Apache Lucene: Part Two - Indexing Concepts
The previous article Apache Lucene: The First Part , was a brief introduction of what Lucene is and a high level overview of how it works. This article will be a deep dive on the concepts behind indexing — mainly Inverted Index and Parsing & Tokenization — so that it becomes easy and intuitive, to understand the code, when we finally reach to it.
Parsing & Tokenization
Whenever a document needs to be indexed, first it needs to be processed. The major reason behind this is making the indexing and searching process more efficient. We’ll discuss some common preprocessing techniques that are widely used when it comes to indexing.
One of the most common steps when it comes to preprocessing is removing stopwords from the document’s content.
What are stopwords ? Stopwords are essentially some common words which are always going to be found in any sort of a document, and eliminating them will have no effect on the main idea of that document. Example — Prepositions (a, an, in, at, on, of, the etc.) These words are excluded, so that they don’t occupy extra space in the index and don’t waste time & resources in searching.
Another common method in preprocessing is Stemming and Lemmatization.
Stemming and Lemmatization are text normalization processes. The main logic behind these two techniques is to reduce words to their base words. For example
history ,historical, historically have the same base word history. The same word can be used in different forms, for grammatical reasons. From a search engine’s point of view, they are the same and hence it is more efficient to reduce them to the same word, rather than have 3 different words representing the same meaning.
A very popular algorithm for performing this step is Porter’s Algorithm
There are several algorithms to perform this step, other than the Porter’s Algorithm. There’s a great paper on this, which you can read for more information on the different algorithms.
Tokenization
Tokenization is the process of splitting the content into tokens. Tokens are essentially the most basic unit of the content.
A very simple way of tokenization is splitting based on white-space.
For ex: let the content be history repeat itself many time. then a white-space splitting will result in the tokens [history, repeat, itself, many, time].
There are various ways of tokenizing other than just white space splitting — TreeBank Word Tokenization, Punctuation Based Tokenization, etc. To go through them in detail you can reference this article — Tokenization in NLP: Types, Challenges, Examples, Tools
Inverted Index
Once all the preprocessing is done and tokens are available, then the tokens are used to create the index. A very traditional and simple way of creating an index would be to create a table where rows represent the documents and columns the token and any cell would represent if that token is present in a document or not.

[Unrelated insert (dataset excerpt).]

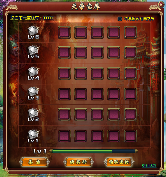 【活动内容】:活动期间,来自远古的天帝宝库首次开启,花费相应元宝参与鉴宝即可获得天帝宝库里面的超值珍品,奖励呈阶梯递式增长,等级越高,奖励也随之越丰富超值,任选的哦亲!别犹豫了,走起!

There is one big drawback of this approach, which is that this matrix will be an extremely sparse matrix. Since there will be a large number of tokens, and few will be common amongst any give pair of documents. Thus you will end up using a lot of memory. One way to optimize this is to maintain a table of List, where each row is a document, and list only contains the unique_id of the token
While this saves space, but it still has the issue, that whenever searching is being done, each list will have to be individually checked to see if it has all the tokens of the query.
A better way is to to create a table which contains tokens in rows and the list is of documents
The major advantage of this index is that when searching is being done, you can take the lists of each token of the query, perform a Boolean AND of those lists and return the common documents.
So if the query is comprised of token tk1, tk7, tk35. Then all you have to do is retrieve the lists of these three tokens, and find out the common documents in these lists.
This is a very simple way of how Inverted Index, makes searching easier and more efficient than a standard index.
To read more on Inverted Index you can refer to the following link — https://nlp.stanford.edu/IR-book/html/htmledition/a-first-take-at-building-an-inverted-index-1.html
Now that some basics and background context of indexing, and what an inverted index is, what is stemming, text preprocessing etc is done, we can move on to actually understanding and using Lucene in the next post.
Hope you had fun reading it and if I happen to have made a mistake somewhere, please let me know.